Practices with Cloud-Based EHRs Should Address Unique Security Issues Up Front

If you’ve got an EHR, chances are you’ve put some thought into security risks and data breaches. But if you’re part of a growing number of practices adopting cloud-based EHRs, you may face unique security considerations. 

During a speech at the American Health Information Management Association (AHIMA) Legal EHR Summit in Chicago earlier this month, Gerard Nussbaum, director of technology services at management consultancy Kurt Salmon Associates, said HIPAA privacy and security rules do not specify whether a provider using a cloud-based EHR owns data in the medical records or if the information belongs to the service host. Nussbaum recommended that healthcare providers explicitly negotiate data usage in contracts, particularly in case of a breach, InformationWeek reported.

"Nothing is secure from breaches," said Nussbaum, who suggested healthcare organizations “iron out” each party’s legal responsibility in the event of a breach up front. By doing this up front, it will be easier to notify individuals whose data may have been compromised, he said.

Steven ZoBell, vice president of product development and CTO for EHR provider ADP AdvancedMD, told Physicians Practice that practices using cloud-based EHRs should get a clear understanding of their EHR’s compliance with the HIPAA Security Rule before making a commitment.

“If the EHR provider is in compliance, then it assures [practices] than many policies and procedures are in place to ensure the safety of the electronic personal health information within the cloud-based platform,” said ZoBell, via e-mail. “This reduces the number of concerns that an individual practice needs to contemplate to ensure that their own practice is compliant with the HIPAA Security Rule.”

Taking preventative measures to protect against data breaches has become more of a priority in the EHR era, especially with the growing use of e-mail and mobile devices.

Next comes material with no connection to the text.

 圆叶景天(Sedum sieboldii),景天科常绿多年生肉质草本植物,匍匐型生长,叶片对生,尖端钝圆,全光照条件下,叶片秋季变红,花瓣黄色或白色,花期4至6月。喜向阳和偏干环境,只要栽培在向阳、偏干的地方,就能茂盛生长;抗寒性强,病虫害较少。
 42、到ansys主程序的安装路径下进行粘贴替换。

The HITECH Act, part of the American Recovery and Reinvestment Act of 2009, gives flesh to HIPAA privacy and security rules by imposing stiffer penalties on health organizations found guilty of data breaches, according to legal experts.

Penalties include an increase in maximum fines (up to $1.5 million) and, if the breach involves more than 500 records, the covered entity has to notify the local media in addition to notifying patients and HHS.

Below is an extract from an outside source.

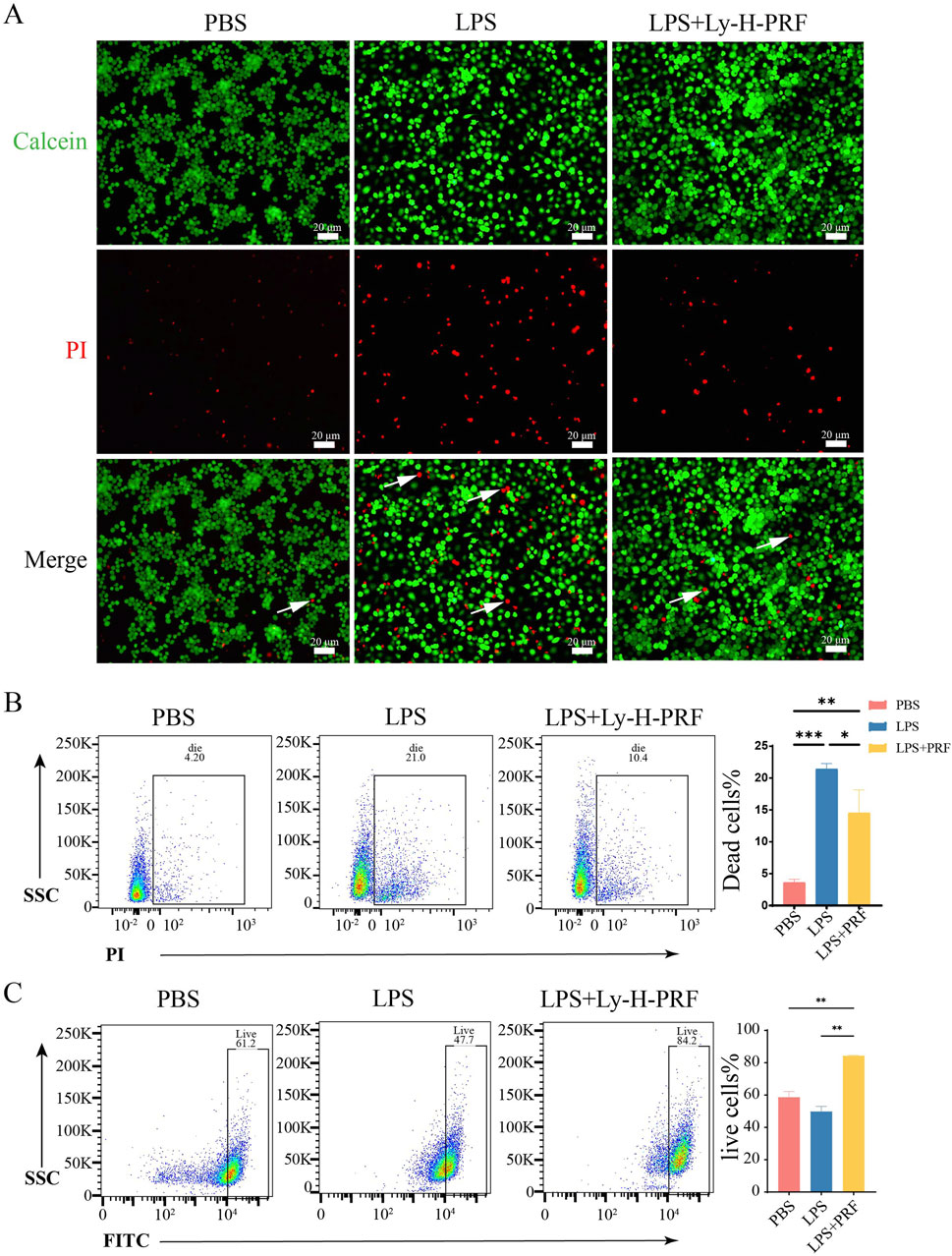 Figure 3. Live/dead assay of RAWs treated with/without LPS and Ly-H-PRF at 24 h. (A) Fluorescence images show the results of the live/dead staining with viable cells appear green and dead cells (white arrow) appear red. Scale bars = 20 μm; (B) Representative images and quantitative analysis of dead cells measured by flow cytometry; (C) Representative images and quantitative analysis of live cells measured by flow cytometry.

For that reason, practices using cloud-based EHRs might have some advantages, some believe.

“The HIPAA Security Rule is very expansive and if a provider is going to try and comply with it using a legacy client server-solution, nearly all the burden is on the practice,” says ZoBell. “However, with a cloud-based solution the effort of compliance is greatly reduced for the practice if the cloud-based solution’s company is compliant with the HIPAA Security Rule.”